In Gupta’s view, the pharmaceutical industry is overreacting to the Bass incident, especially as there is little evidence that inter partes process poses a serious threat to the industry’s patents. But its reaction may be enough to sink the larger push for patent reform once again.
The end game
The price of pharma’s poison pill may be too high for the tech and retail coalition, according to a person familiar with the legislation. After seeing patent reform fail twice in five years, the coalition may prefer to walk away than to grant a concession that would amount to giving away as much as it gets, said the person who spoke on condition of anonymity.

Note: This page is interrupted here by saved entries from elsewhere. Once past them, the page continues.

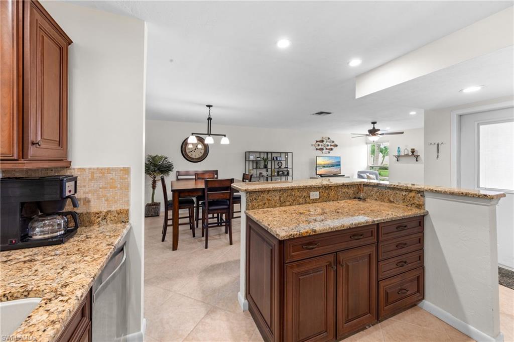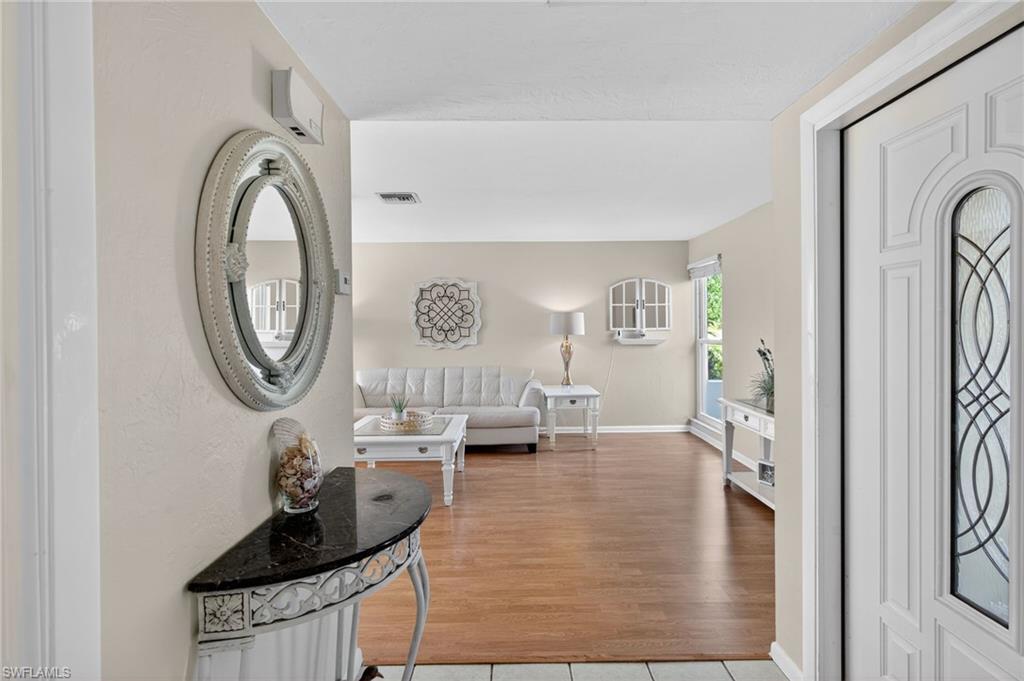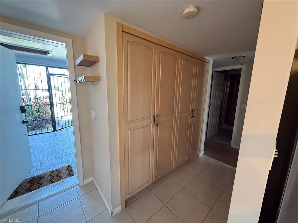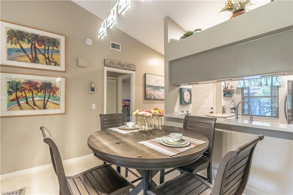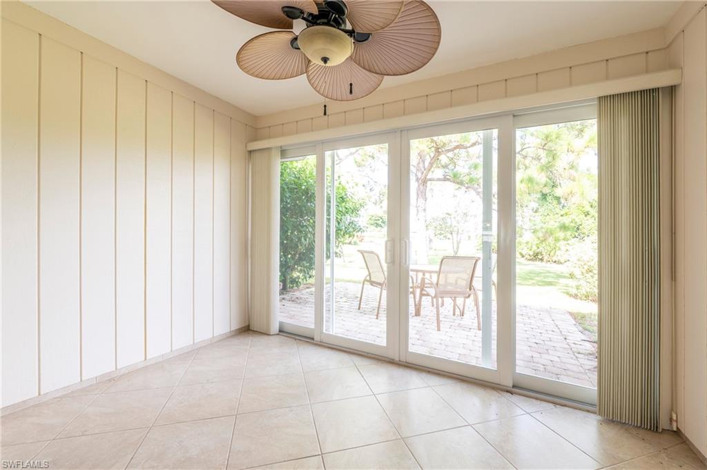 Experience the best Naples has to offer in this private 2 bed/2 bath attached villa less than 5 miles from the beach! If pickleball is more your thing you'll love the fact that this property is less than 1.5 miles to the home of the US Open Pickleball Championships at the East Naples Community Park. The Lakewood Community recently went fiber optic which means your low HOA dues also cover high speed fiber optic internet access. Along with its terrific location and low monthly dues this unit has an attached garage and many thoughtful upgrades; new exterior lights, custom designer blinds, canned lighting and dimmer switches in the kitchen and living room to name a few. Regardless of how your days are spent the privacy of the Florida room at sunset is a great way to spend an evening. Step outside the Florida room and you'll find it's a perfect spot for a grill and/or easy way to take your small pet outside. Membership at the Lakewood Country Club Golf Course is optional.
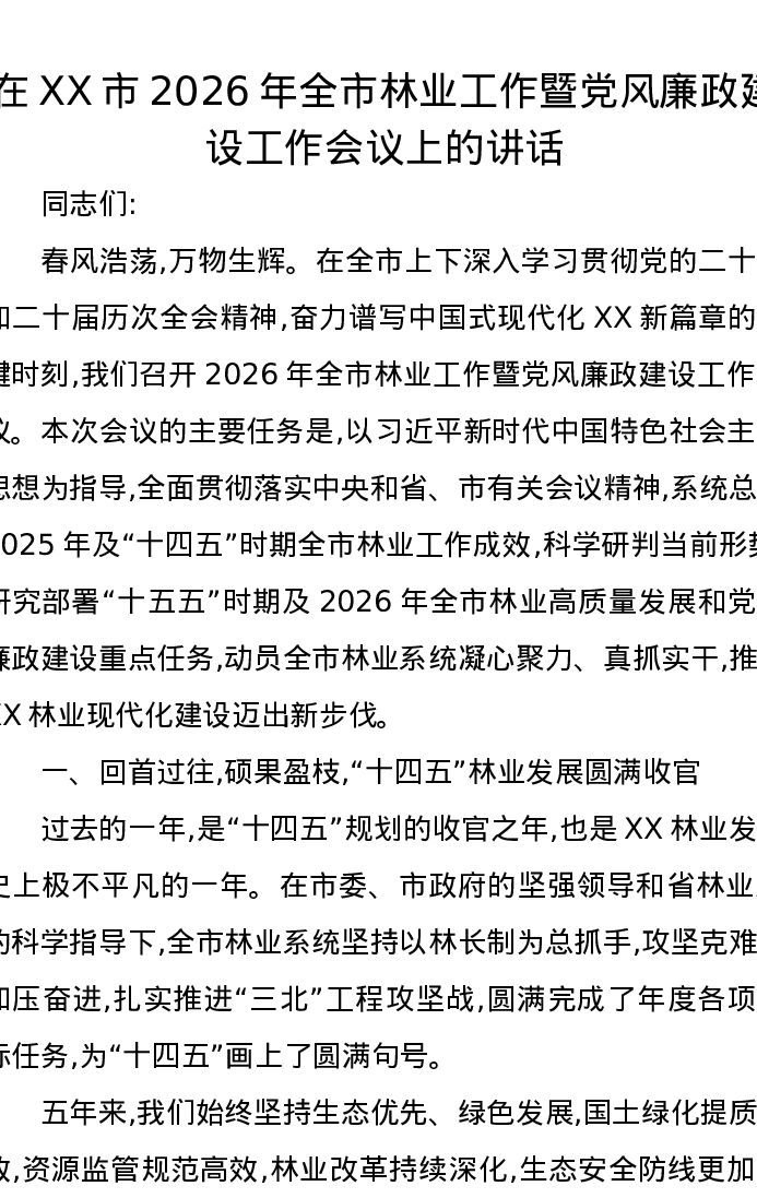 在XX市2026年全市林业工作暨党风廉政建设工作会议上的讲话
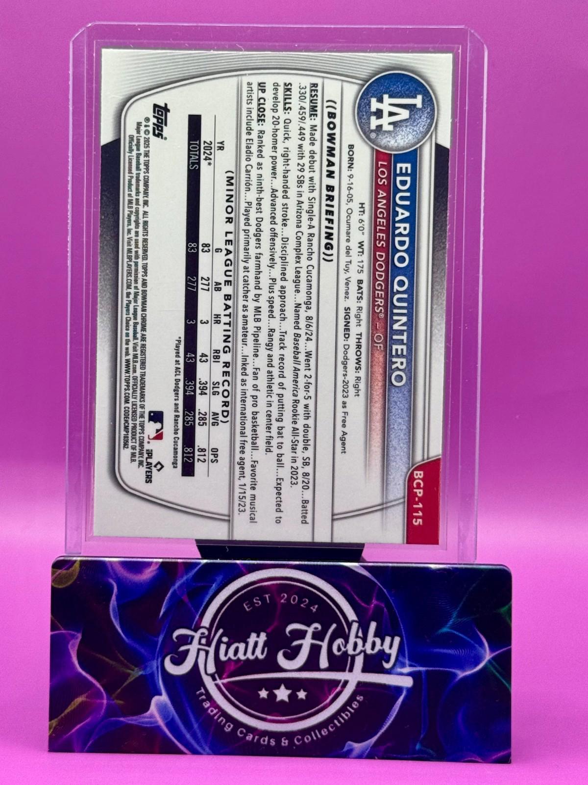 The product is a 2025 Bowman Chrome baseball trading card featuring Eduardo Quintero from the Los Angeles Dodgers. This particular card is a Mojo Refractor parallel, making it a sought-after variety for collectors. Produced by Topps, this original card is part of the Chrome Prospects insert set and showcases Quintero as a rookie player in Major League Baseball. With a standard size and in English language, this collectible is a valuable addition to any baseball card collection.
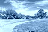 Exterior view of typical apartment near public park in Irving, Texas, USA. Concrete trail for walking, jogging, biking.
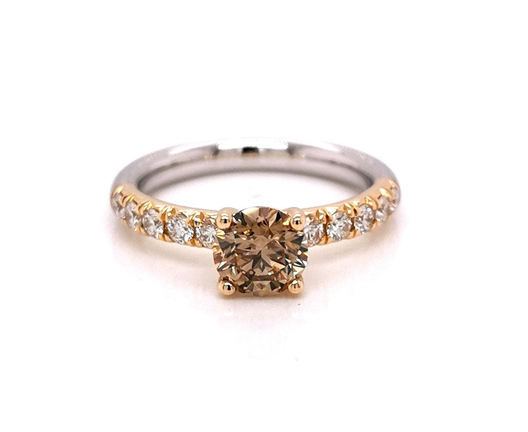 18YWG 4 CLAW RING WITH CLAW SET SHOULDER, CHAMPAGNE RBC 1=1.05CT C3 VS1 (2102160) AOR LAS AND RBC 10=0.40ct WH SI **YG SETTING/SHOULDER*WG SHANK**
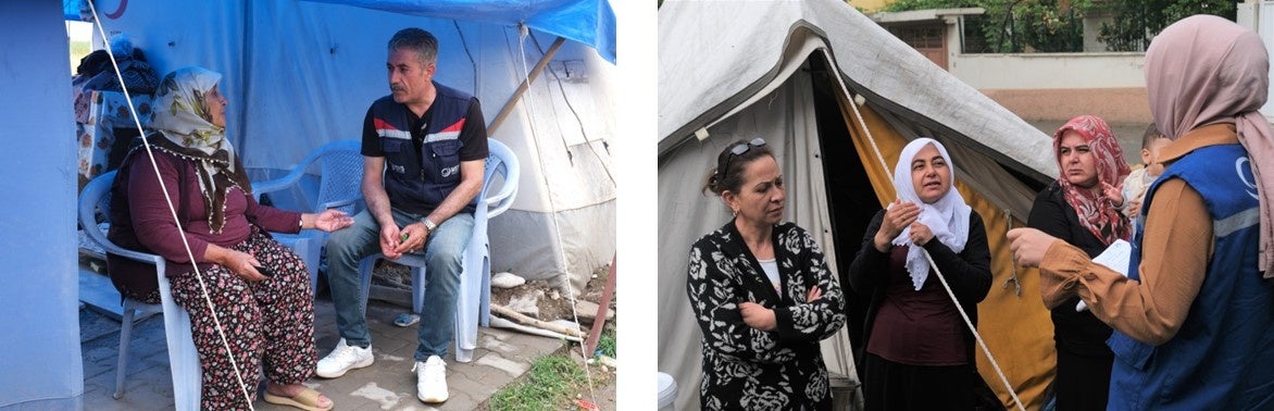 (写真:2023年5月末、被災者への戸別訪問。テントやバラックでの避難が続いています)
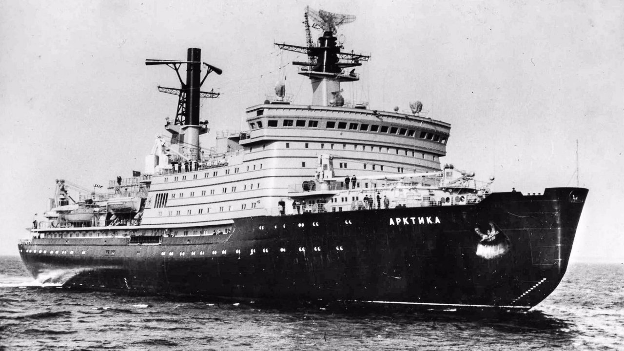 Советский атомный ледокол «Арктика» впервые в истории мореплавания достиг Северного полюса

This doesn’t mean a final deal is out of reach, of course. In the course of this week’s Judiciary Committee hearing, several Senators suggested the final language of the bill is up for debate, raising the prospect of a carve-out to placate the pharmaceutical industry. But to get there will still require patent reform supporters to run a gauntlet of procedural measures, and it’s not clear they have time to do so.
As it stands, the reform measures must go to a vote before the full House and Senate, and then members of both chambers will have to reconcile the two versions before voting again on a final bill. President Obama, who is a longtime supporter of patent reform, is likely to sign a bill if it ever reaches his desk.
In theory, patent reform could pass by August, but that leaves lots of time for opponents, who also include trial lawyers and Sen. Dick Durbin (D-Ill.), to find new ways to stymie the measure. If they are able to delay the measure beyond late recess, the political window for action will likely close and the trolls will be able to run free until at least 2017.